There was still no sign of Nicky. She may have decided to talk with Andrew, perhaps to consider him not so much a competitor as an ally. I might as well leave. I found myself walking toward Francesca’s shop. I wouldn’t bother her. I would just buy some ink. I’d just look at her. But halfway there, I turned back. No, my path was renunciation. I still had a hundred pages of Lovers and Virgins to get through, and I still hadn’t made up my mind whether it should be translated or not. I’d pick up a slice of pizza somewhere, go back to my hotel and spend the afternoon reading. Surely I’d done enough for one day. Perhaps later, if I felt like it, I’d try to look up Albert—to reassure myself he wasn’t really the type to break into Nicky’s house, if not to get to the bottom of his connection with the bassoon.

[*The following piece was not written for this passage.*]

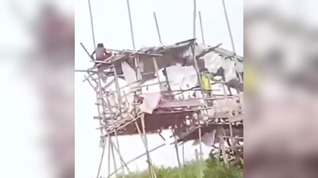 Aksi ODGJ itu dalam membangun 'rumah bertingkatnya' viral di media sosial, salah satunya diunggah @fakta.indo. Ada dua video yang diunggah, pertama memperlihatkan seorang pria yang sedang berada di atap rumah dan nampak sibuk merakit kayu.

Back at the hotel I found two messages. One was from Anna: Was the book useful? By the way, the inspector may be paying you a visit after lunch.
The other was from Nicky. The clerk said she’d left it five minutes before: Meet me at three at the Guggenheim Museum.
I was tired of these peremptory messages from Nicky; and, besides, it was already two thirty and I’d been rushing around all day. Why couldn’t she have just waited for me at the conservatory? How did she get here before me? I wanted to rest. I wanted to read my book. I wanted to mull over last night’s events and decide whether I should accept an encore, should one be offered.
On the other hand, I did not particularly wish to speak to the Italian police.
Without going upstairs, I left the hotel and walked the few short blocks to the Peggy Guggenheim Collection.
Thirteen
I ARRIVED AT THE MUSEUM before Nicky and, after a quick cruise through the galleries hung with Klees and Kandinskys, returned to the sculpture garden. For just a moment I allowed myself to rest and breathe deeply. In the midst of Venice’s concentrated stone warrens, the garden was a splash of restful greenery. Trees, bushes, graves. Graves? I’d seated myself on a small bench in front of a plaque that read “Here Rests Peggy Guggenheim.” Next to it was another plaque, with a long, rather stupefying list of names under the mournful sentence: “Here Lie My Beloved Babies.”
Their average age at death was only about ten, though some had been as young as three or four when they died. But this was horribly sad! Or perhaps just horrible. Had one of the Guggenheims really been a serial killer? It just went to show how the rich considered themselves above the law.
“They were her Lhasas, Cassandra,” said Nicky, coming up to the bench. “Do you really think someone would name her children Cappuccino and Madame Butterfly?”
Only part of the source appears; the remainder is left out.